§ **Available records**:
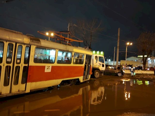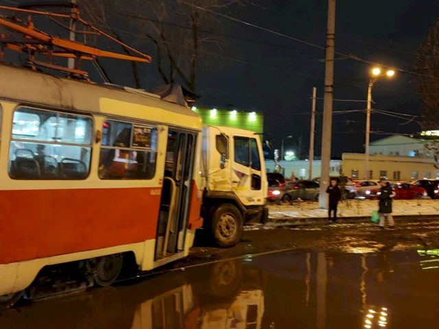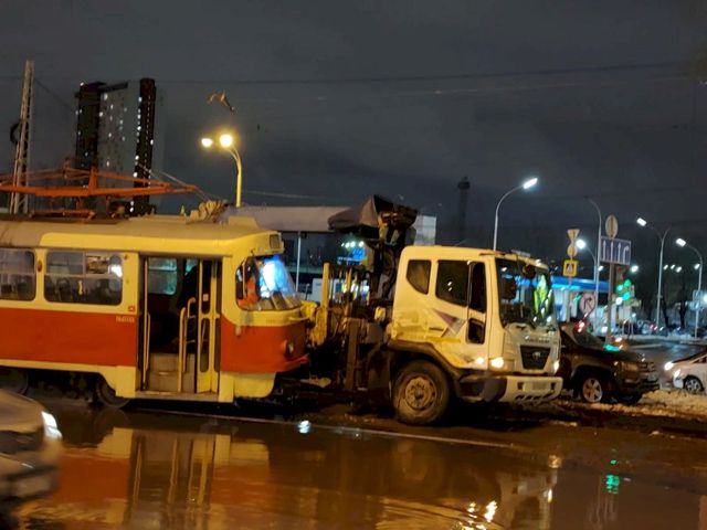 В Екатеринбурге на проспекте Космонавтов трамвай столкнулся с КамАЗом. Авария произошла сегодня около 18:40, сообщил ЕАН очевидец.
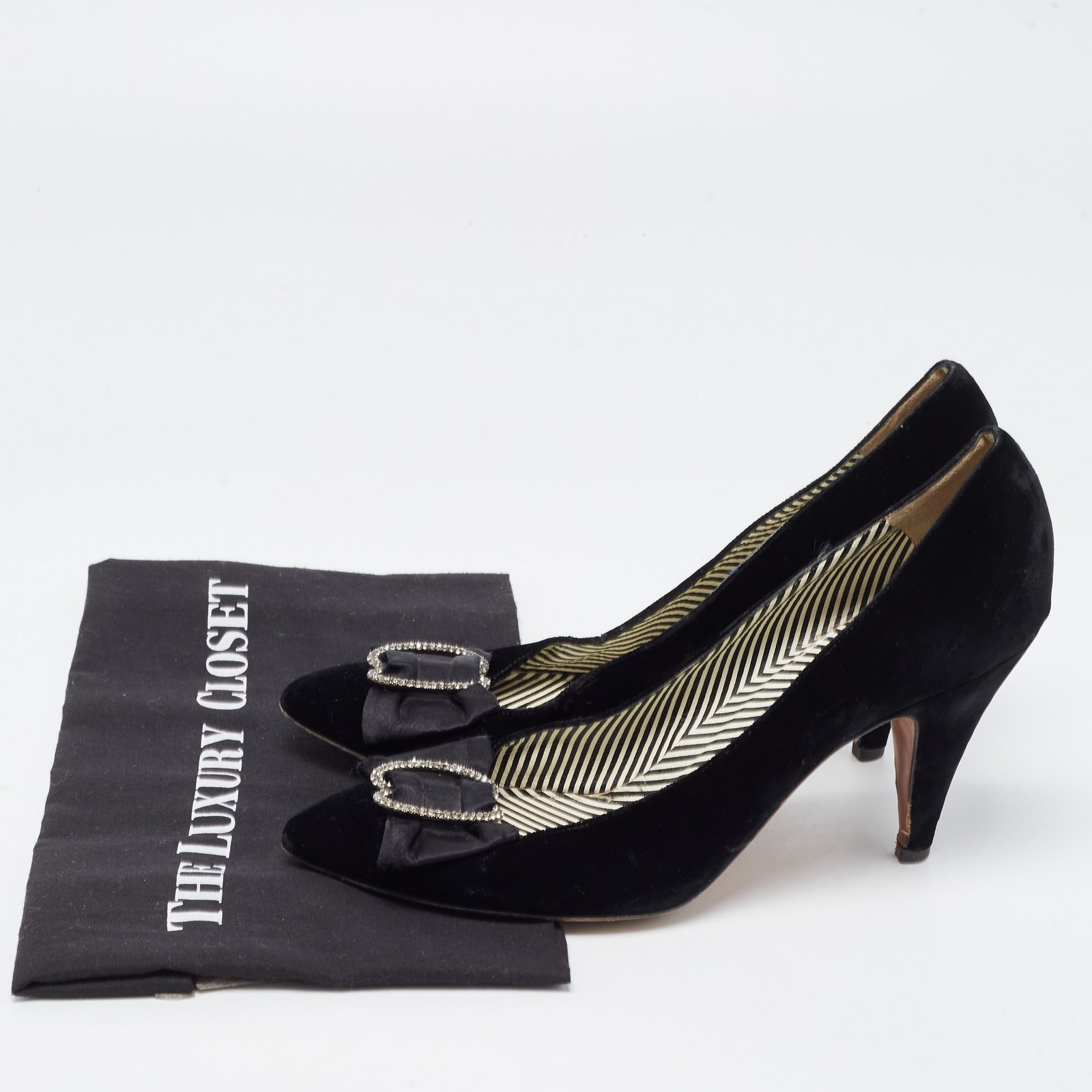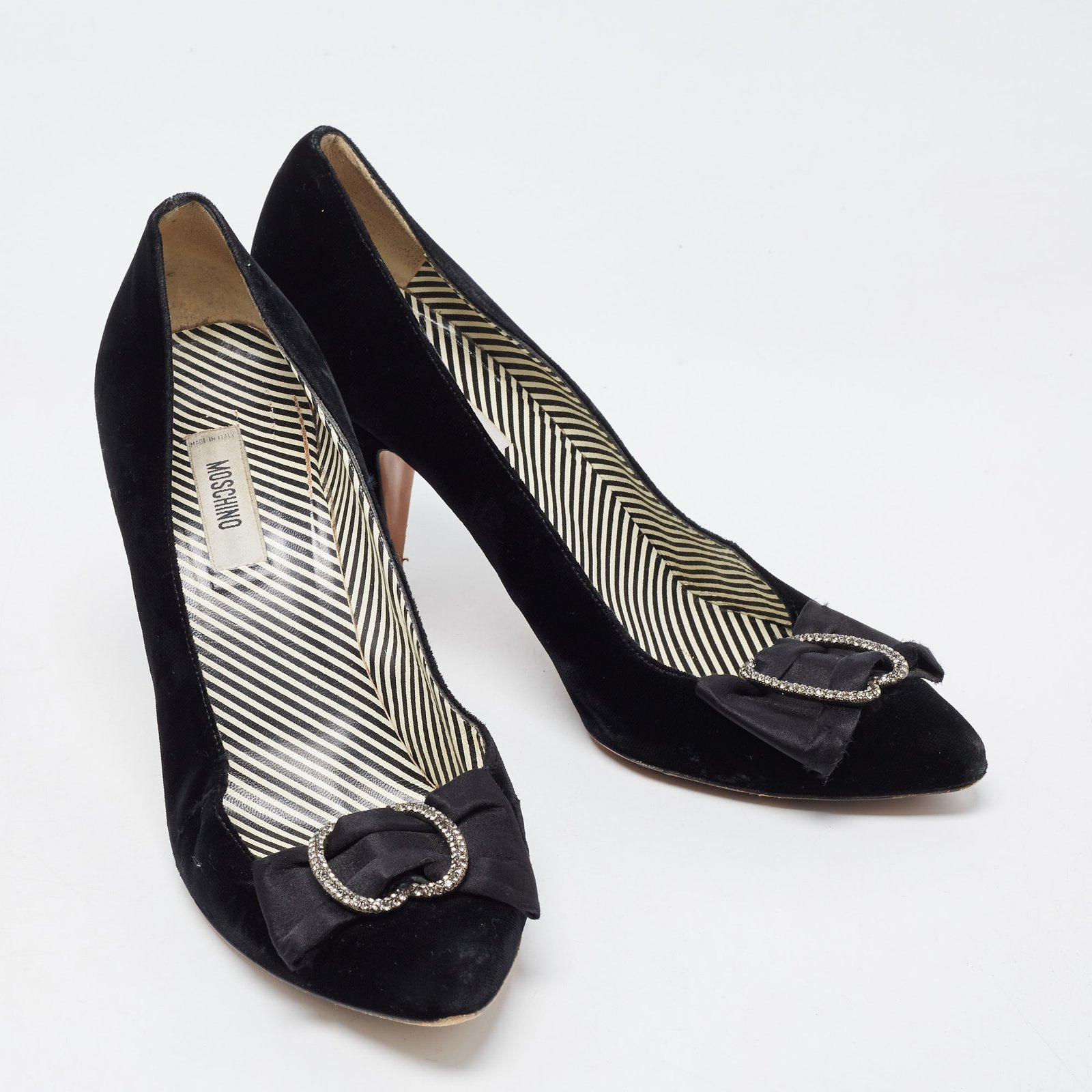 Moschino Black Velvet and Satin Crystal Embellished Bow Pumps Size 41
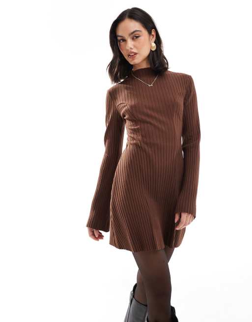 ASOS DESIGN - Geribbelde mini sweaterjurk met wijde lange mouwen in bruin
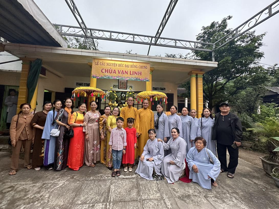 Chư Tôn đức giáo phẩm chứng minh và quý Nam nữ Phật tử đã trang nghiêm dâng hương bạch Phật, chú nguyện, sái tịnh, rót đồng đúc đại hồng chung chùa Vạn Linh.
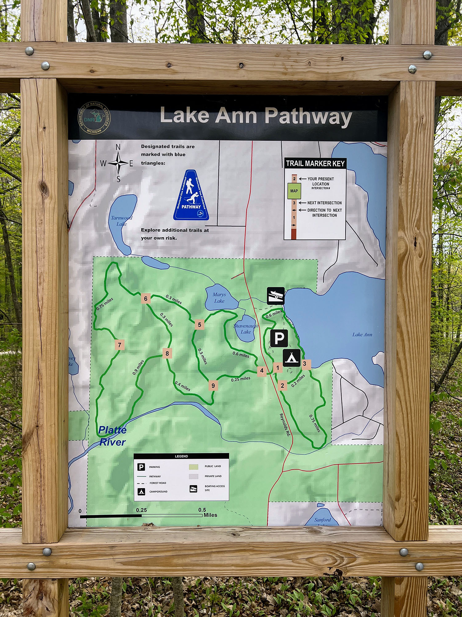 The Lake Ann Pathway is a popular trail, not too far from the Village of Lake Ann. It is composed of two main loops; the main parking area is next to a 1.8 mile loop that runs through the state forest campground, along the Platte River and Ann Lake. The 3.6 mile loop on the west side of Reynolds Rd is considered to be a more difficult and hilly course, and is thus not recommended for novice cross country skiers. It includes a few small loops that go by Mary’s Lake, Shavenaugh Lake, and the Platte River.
---
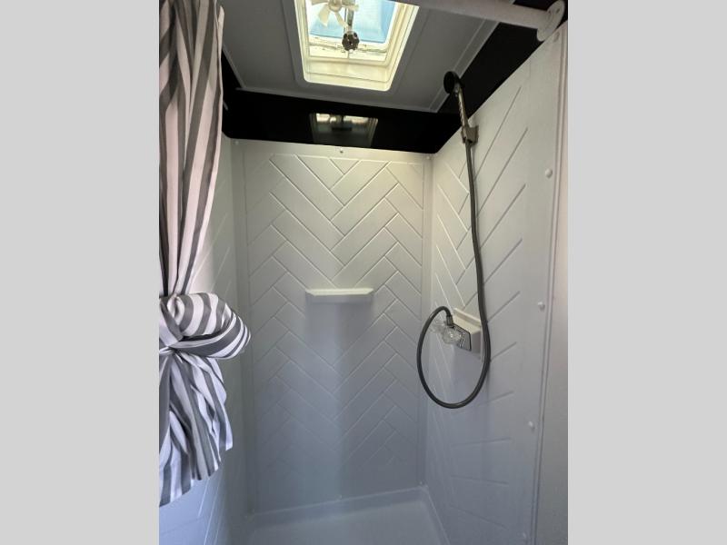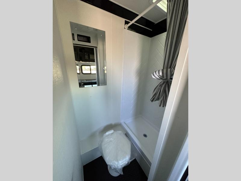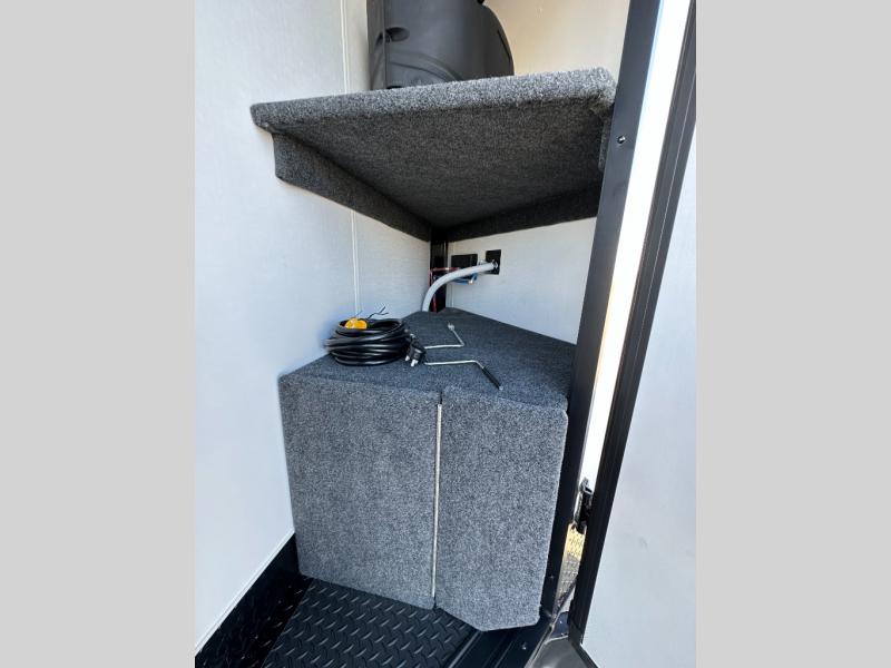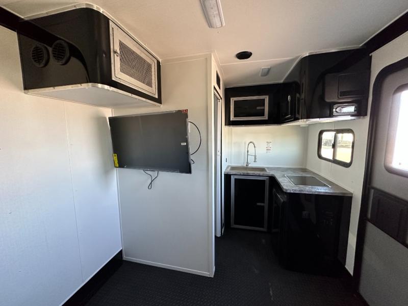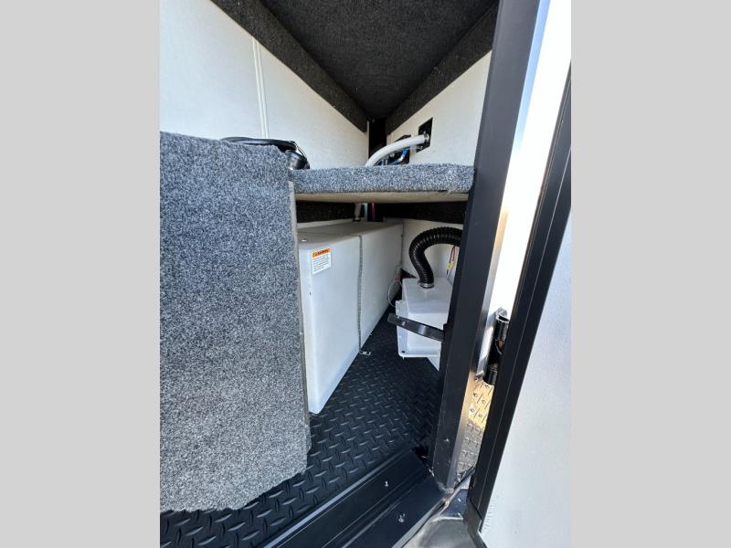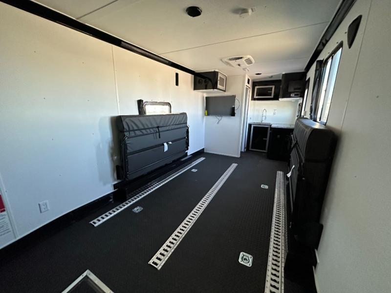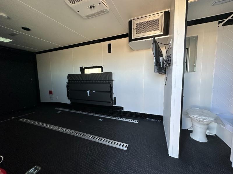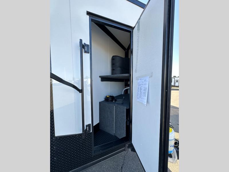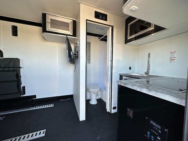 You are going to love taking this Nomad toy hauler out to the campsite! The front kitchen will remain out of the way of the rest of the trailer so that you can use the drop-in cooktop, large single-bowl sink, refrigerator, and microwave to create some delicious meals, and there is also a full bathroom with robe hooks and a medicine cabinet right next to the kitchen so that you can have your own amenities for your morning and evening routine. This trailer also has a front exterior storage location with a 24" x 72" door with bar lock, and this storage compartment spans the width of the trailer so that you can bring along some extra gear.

§ **What the task asks**: The lines to reproduce run from the one above containing "Moschino Black Velvet" through the one containing "Chư Tôn đức". Copy them exactly and leave out all pictures.

§ **Completed exercise**:
 Moschino Black Velvet and Satin Crystal Embellished Bow Pumps Size 41
 ASOS DESIGN - Geribbelde mini sweaterjurk met wijde lange mouwen in bruin
 Chư Tôn đức giáo phẩm chứng minh và quý Nam nữ Phật tử đã trang nghiêm dâng hương bạch Phật, chú nguyện, sái tịnh, rót đồng đúc đại hồng chung chùa Vạn Linh.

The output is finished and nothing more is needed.